Uno di essi è un’estensione del MPCP delle EPON. Questa nuova versione del Multipoint
Control Protocol provvede alla assegnazione ottimale delle lunghezze d’onda tramite un
algoritmo. L’architettura di riferimento è un array di transceivers a lunghezza d’onda fissa
per l’OLT e un laser e ricevitori fissi o tunabili per le ONU.
Durante il processo di discovery , le ONU comunicano all’OLT tramite un messaggio
REGISTER_REQUEST il tipo di laser e ricevitore di cui sono provviste (fisso o tunabile),
il tuning time e le λ supportate. Sulla base di queste informazioni l’OLT controlla l’utilizzo
delle varie lunghezze d’onda e decide come assegnarle.

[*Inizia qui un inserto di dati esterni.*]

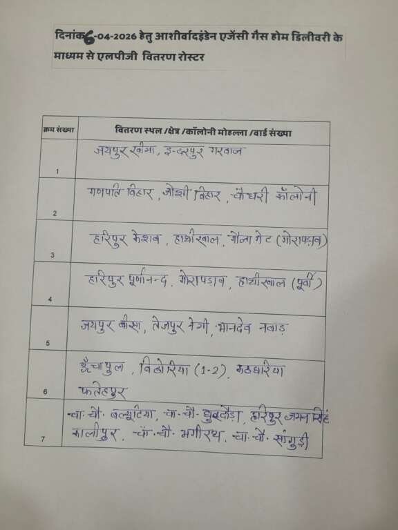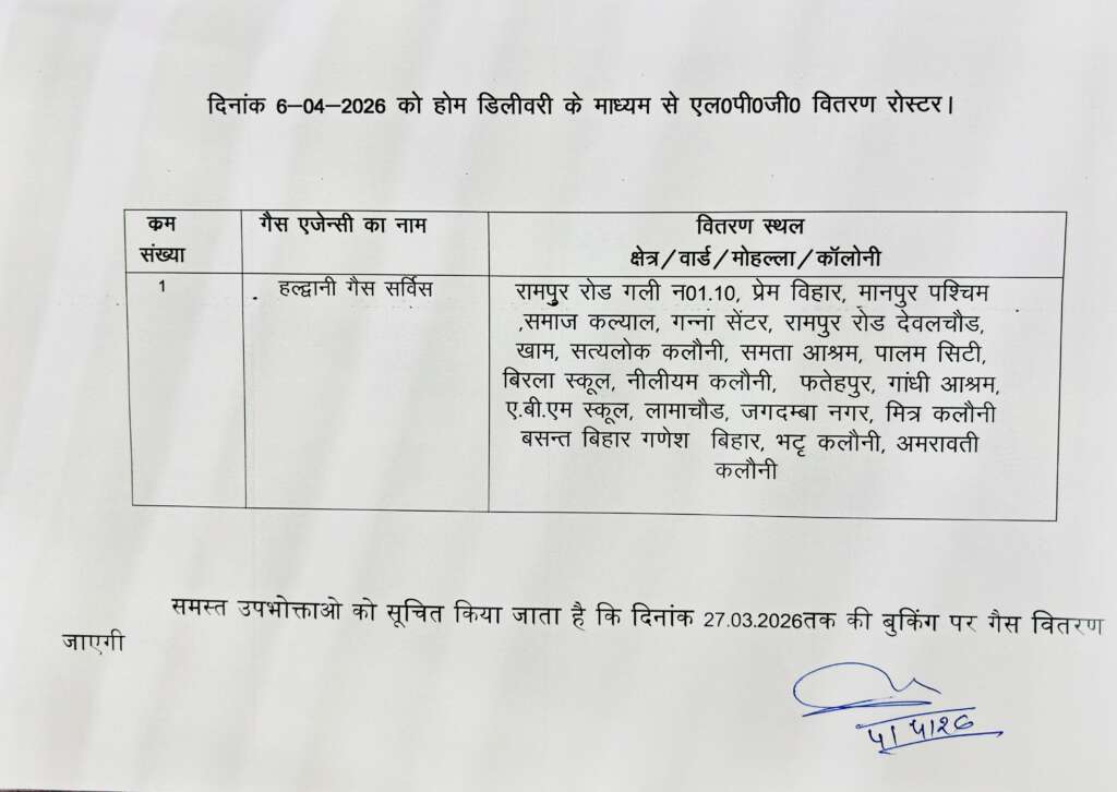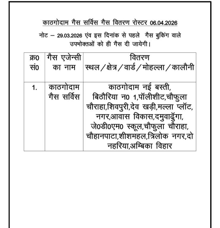 कुमाऊं मंडल विकास निगम की काठगोदाम एवं हल्द्वानी इंडने गैस ऐजेंसी एवं आश्रीबाद इंडने गैस ऐजेंसी का दिनाक 6 अप्रैल का रोस्टर तथा क्षितिज इंडने द्वारा 5 अप्रैल के रोस्टर जारी किया गया है।

Il messaggio GATE, inviato come al solito dall’ONU all’OLT, contiene la configurazione per
il ricevitore dell’ONU e serve quindi per effettuare l’assegnazione delle lunghezze d’onda.
L’ONU riconoscerà questa assegnazione inviando un messaggio all’OLT.
7 Conclusioni
In questo documento si sono illustrati i tipi di PON che sono stati proposti in letteratura.
Nel capitolo successivo si illustrerà la sperimentazione effettuata in questa tesi che ha
riguardato il comportamento in upstream di una WDM-EPON. Nonostante in Europa
l’interesse si sia focalizzato sulla GPON per la maggior banda offerta e per il più elevato
split ratio, si è preferito utilizzare la EPON per i test, per la sua compatibilità con gli
standard Ethernet. Si è ovviato alla minor banda utilizzando il WDM.